Way of installation: conda

Steps to reproduce

Set your environment variables of all *NUM_THREADS to one, and observe that with pygimli it uses more than 100% CPU.

Expected behavior

I would expect either of

  • pygimli respecting user defined env variables
  • pygimli indicating when changing env variables, and providing a way to disable it

This circumvents the issue (mostly):

import pygimli as pg
pg.setThreadCount(1)

but still, I would not expect an import to mess with my variables.

For conveniance reasons, the core extension of pygimli sets OPENBLAS_NUM_THREADS to number of cpu -2 right on initializing.
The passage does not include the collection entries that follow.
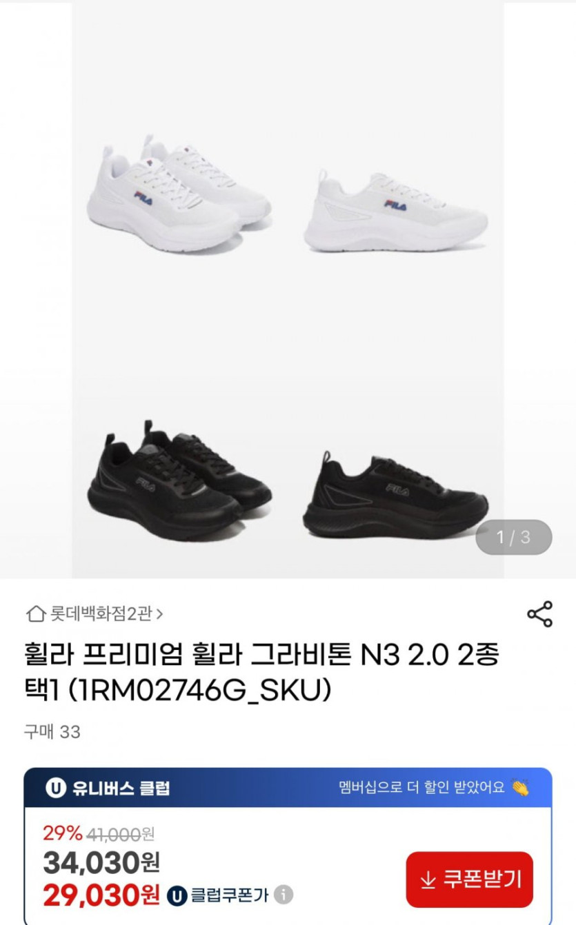 [지마켓]휠라 그라비톤 N3 2.0운동화 (29,030원/무료)
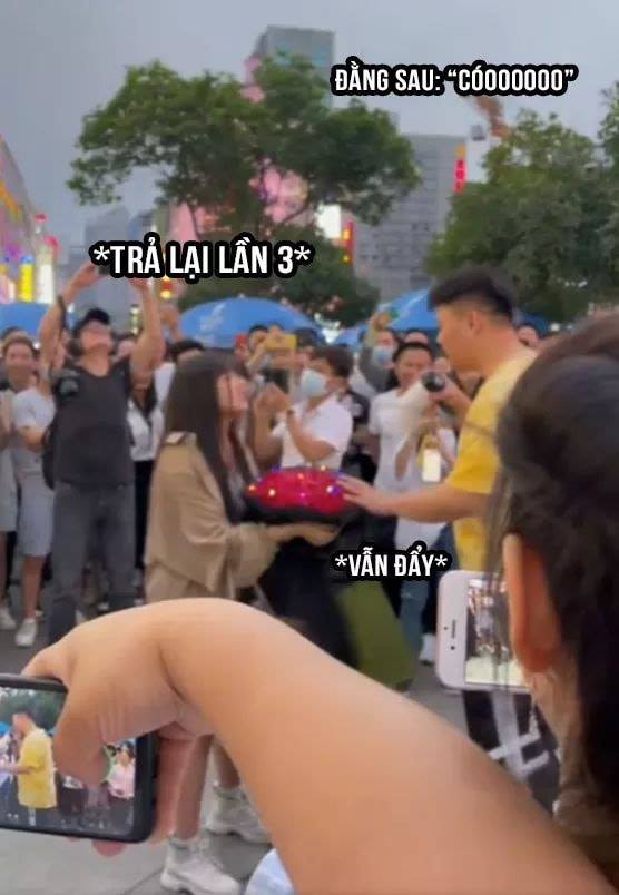 Không từ bỏ, chàng trai như ép buộc cô gái phải đồng ý, còn nhờ đám đông: "Mọi người có thể cổ vũ cho tôi không?".
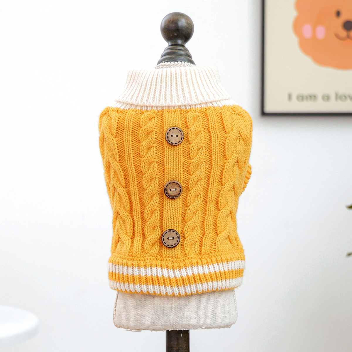 • 새로운 꽈배기 단추 니트 - 옐로우
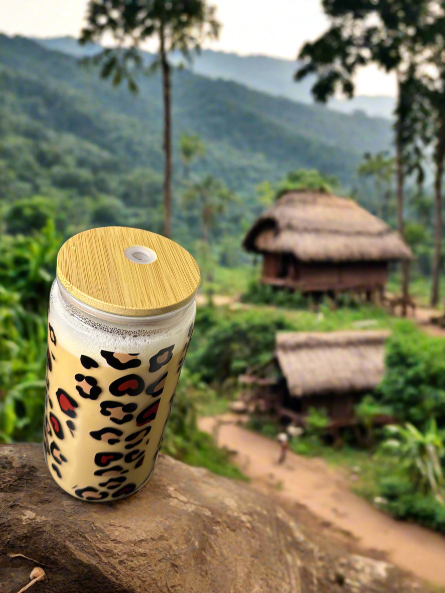 20 ounce acrylic snow globe Tumblr containing Coffey look-alike solution and featuring a leopard print decal. Comes with a bamboo lid.
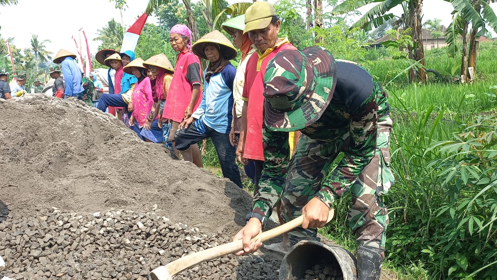 Salah satunya adalah Suci, (25), Ibu Muda tersebut dengan semangat Bersama warga lainnya mereka membantu Satgas TMMD, Suci tidak takut akan kepanasan,apalagi membuat tanganya lecet, Hal itu sudah menjadi kebiasaanya sehari hari bekerja di sawah saat membantu suaminya.
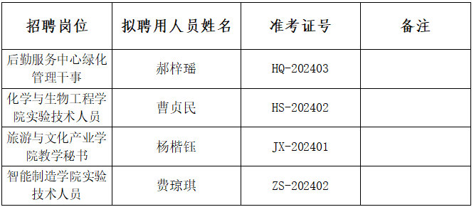 根据《8868官方网站2024年公开招聘人事代理制专业技术人员公告》有关规定,经报名、资格审查、笔试、面试、专业技能测试、成绩公示、体检、考察等程序,经8868官方网站校长办公会研究,确定郝梓瑶等4名同志为8868官方网站2024年公开招聘人事代理制专业技术人员拟聘用人选,现予以公示。
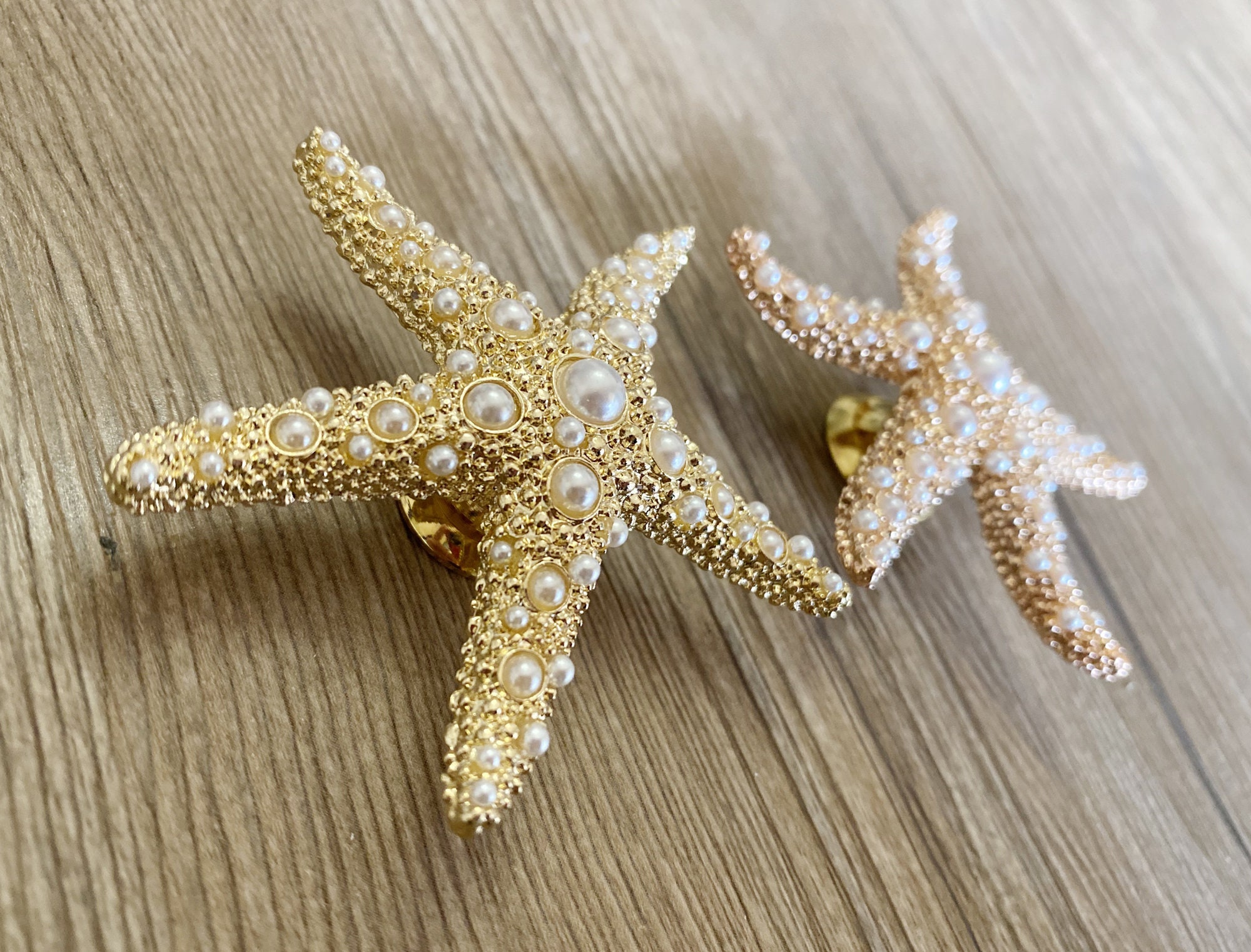 Paerl Starfish Drawer knobs / Furniture Knobs Silver with Rope Patt...
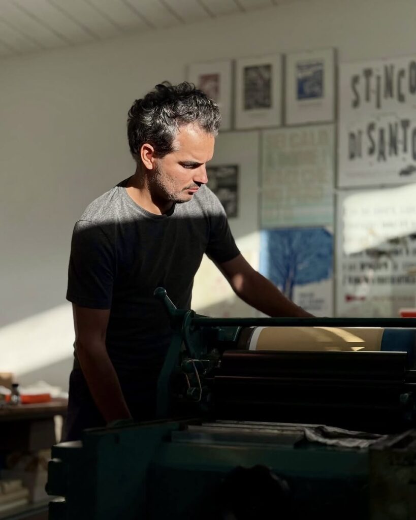 Matteo Totaro is the founder of Officina del giorno dopo, a letterpress workshop and research space established in 2017 in Monte Sant’Angelo, in the heart of the Gargano. His work moves between art, craft, and memory: every project is a dialogue between moveable type, ink, paper, and time.
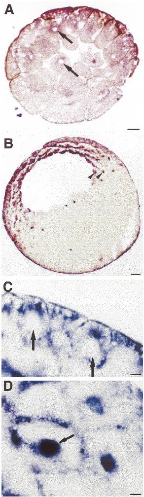 Fig. 3. ER1 is concentrated in the nucleus of marginal zone cells in stage 8 blastulae. Embryos were fixed at stages 6.5 (A) or 8 (B), sectioned and stained with anti-ER1. (A) The nuclei (arrows) remain unstained in early cleavage stages. (B) At stage 8, the nuclei (arrows in B and D) in the marginal zone begin to stain for ER1 while nuclei in the endoderm (B) as well as nuclei (arrows in C) in the rest of the animal hemisphere remain unstained. Bars = 0.1 mm in A,B and 0.02 mm in C,D.
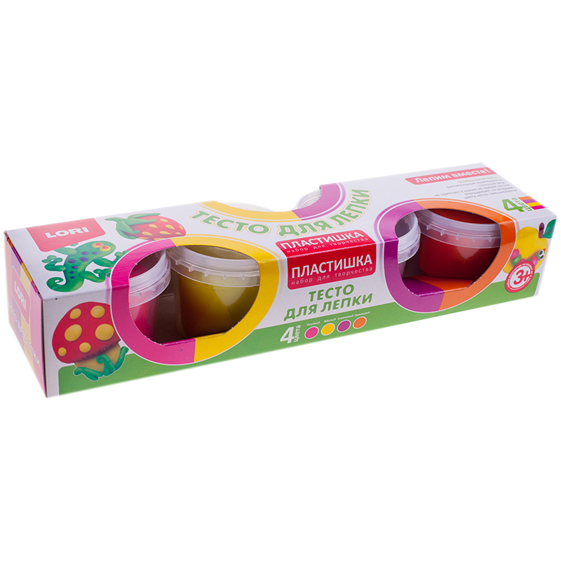 Тесто для лепки Lori "Пластишка", 04 цвета*100г, картон
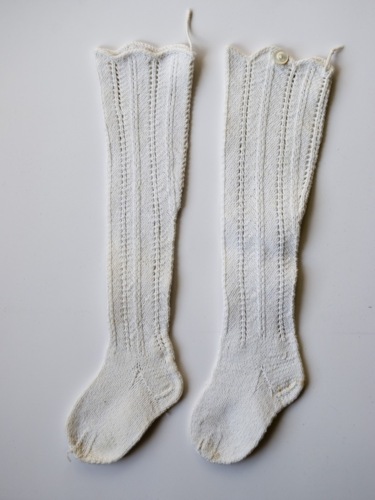 Calzini lunghi da bambino. Realizzati con cotone bianco lavorato a ferri. Il bordo termina con un motivo a cappe, al centro c'è un bottone in madreperla. Il gambale è lavorato con un motivo decorativo. Il piede è lavorato a maglia rasata.Notizie storico-critiche
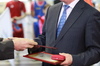 Президент Федерации легкой атлетики Казахстана Павел Новиков наградил нагрудным знаком за вклад в развитие спорта акима области Бердыбека Сапарбаева.
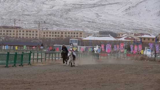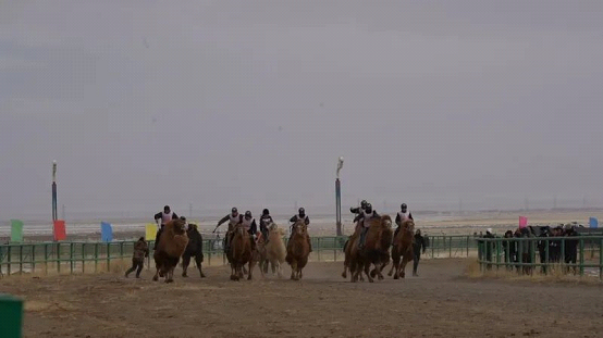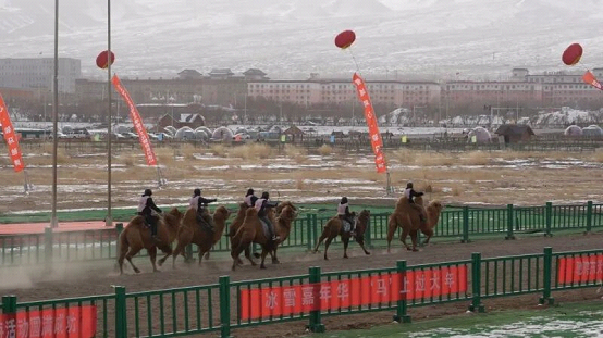 赛场上,20峰骆驼率先登场,展开3公里激烈角逐;24匹两周岁赛马奋力奔跑,角逐5公里决赛桂冠;18匹本土赛走马、47匹巴里坤马依次驰骋雪地赛道,骑手们驭马驰骋、风驰电掣,精湛的雪地骑术引得现场观众掌声雷动、喝彩不断。
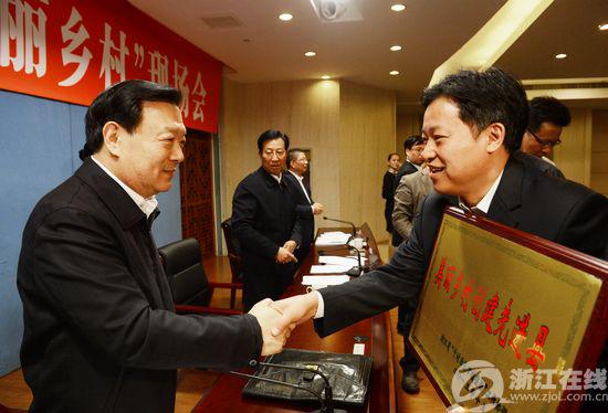 夏寶龍為榮獲2013年度浙江省美麗鄉(xiāng)村創(chuàng)建先進(jìn)縣頒獎(jiǎng)
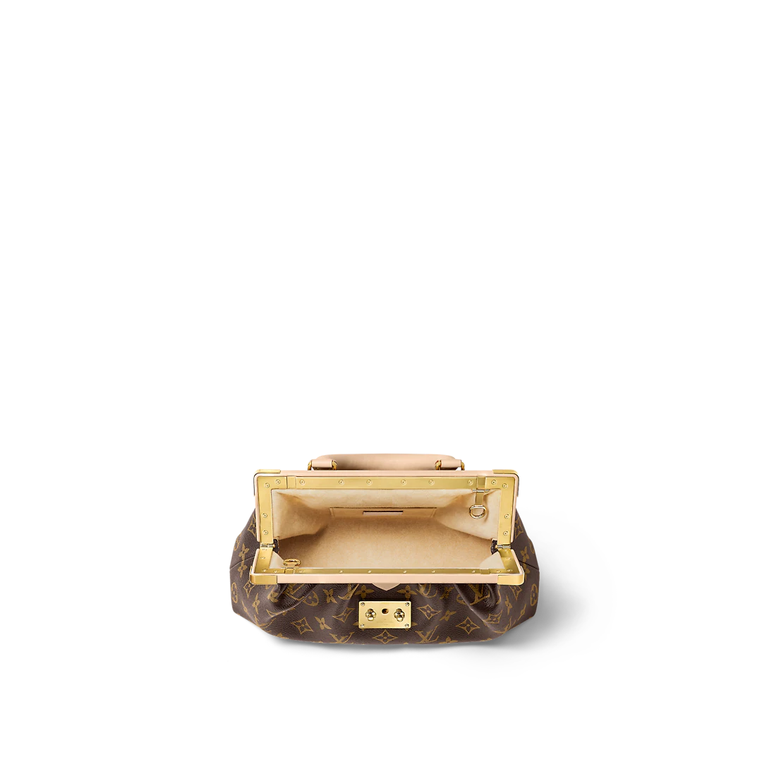 Seen at the Spring-Summer 2023 show, the Monogram Clutch is fashioned from Monogram canvas with natural calfskin trim and gold-color hardware, including the classic Lothtuis Vuithttton S-lock and the riveted clasp with metallic corners. In addition to the rolled-leather top handle, there锟斤拷s a removable chain, attached to retractable, rotating chain mounts.
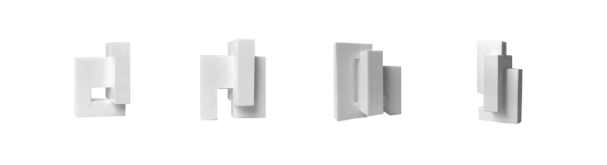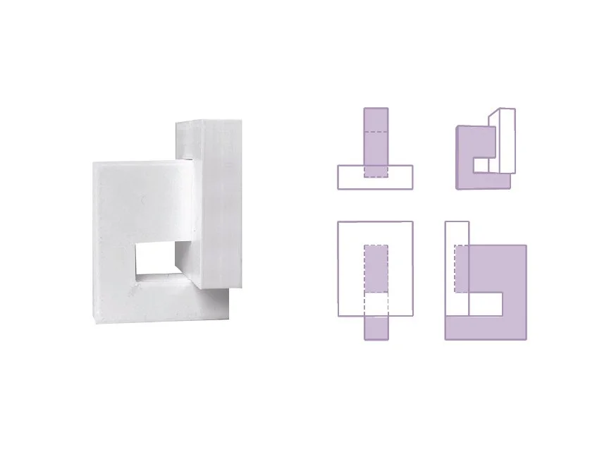 There are four object prototypes in this project. Despite the objects various components, they’re all designed to look like a single, uniform massing. Each component is deliberately proportioned using a ¼” grid and designed with similar qualities: straight lines that intersect at right angles and smooth, even surfaces.
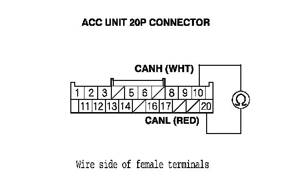 8. Measure the resistance between ACC unit 20P connector terminals No. 10 and No. 20.
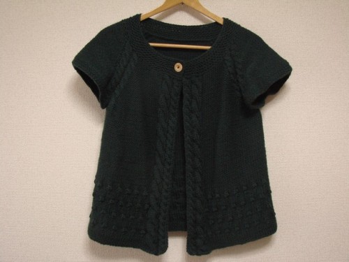 えーと編み上げたのは、これも冬休み。通勤に着て帰ってから、ふと写真撮ってないことに気づき撮影ちょびっと着た時のシワがついてますが色がうまく出ず残念もう少し明るめの深緑。合太だったので、2本取りにして編んでます糸はねーアベイル・コマドリさんで3年くらい前に買った福袋の糸。メーカーわかんないですが、輸入糸ぽいです。ウールにアルパカ入りだったかと。編み上げた時に帯捨てちゃって、もうわかんないせっかくブログやってんだから、ちゃんと記録しよーぜ自分暗くて模様がわかんないかとアップ。下の方の模様編み、編み方分からず基礎本見たけど載ってなくて、ネット徘徊。苦労しました~棒針編みはまだまだ初心者なので、減らし目とか編み図の見方がわからない時もありました幸い、職場の同僚が以前ヴォーグ学園に通ったことがあるそうで、教えて頂きましたほんとはじっくり教えてもらいたいけど、お互い時間取れないので仕事中にこそっとおかげで完成させられました編み図はヨーロッパの手あみ2008秋冬です。昨冬の編みかけからの完成ですランキングに参加しています。よろしければ、ぽちっと押していただけると励みになります ではポチッと→ こっちも~
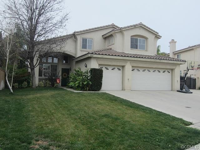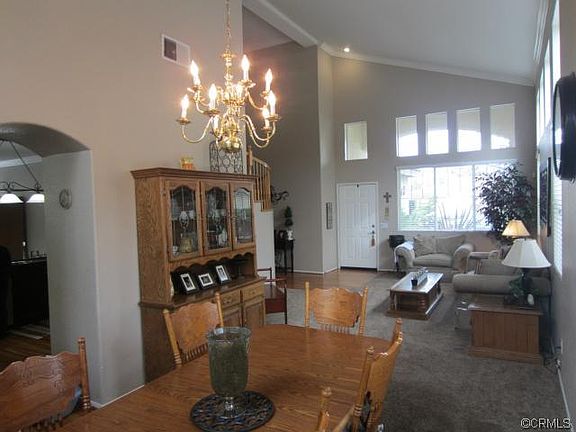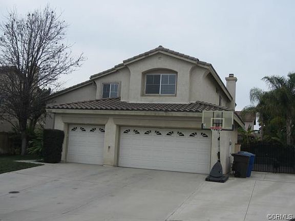 Orangecrest pool home in a great neighborhood at the top of a cul-de-sac. Walk into a large formal living/dining room with high vaulted ceilings and crown moulding throughout. This open, bright area has new carpet and has the room for a large dining table, furniture and maybe a grand piano. From the dining room, step into the perfect kitchen that has been upgraded with cherrywood cabinetry, dark granite countertops, GE stainless steel appliances and hard wood laminate flooring. The family room has a fireplace. The first floor offers a spacious office that can be converted into the 5th bedroom. The laundry room and sink is downstairs near garage. Make your way upstairs and land at the master suite. The double doors lead you into a bedroom that can house a large king bed, furniture and a TV for a good nights sleep. The bathroom has a stand-up shower, a bathtub and a large walk-in closet. The upstairs includes 3 additional bedrooms and another full bath. Escape to paradise in the backyard where the tropical landscape features an Alumawood patio cover with a Bogner pool and spa. RV parking and a dog run complete this well planned home. This home has a 3-car garage, automatic sprinkler system and drip system in the back.
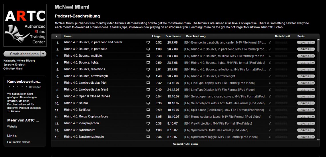 Yeah … dannach hab ich schon lange gesucht ! Nun bringt McNeel endlich Tutorials als Podcast raus. Viel Spass damit. Hoffe es ist auch für euch was nützliches dabei 🙂

You can change it back after importing pygimli with pg.setThreadCount(1)

We maybe could change this that he only sets this environment variable, if its not already specified by the user?

I see. But when the number of CPU is 256 on a shared cluster, that is a very inconvenient default IMHO.

I would prefer what you say afterwards. IF there is a user set env variable, it should be respected.

And maybe also a MAX (no need to set the nthread to 254).

Change default behaviour. Will be live after the next core update.

export OPENBLAS_NUM_THREADS=12 && python -c 'import pygimli as pg; print(pg.core.threadCount())'
12
unset OPENBLAS_NUM_THREADS && python -c 'import pygimli as pg; print(pg.core.threadCount())'
16

Great, like it, thanks for the quick turnaround! 8 or 16 was exactly what our HPC expert here also suggested as maximum, as openblas won't be much efficient beyond that number.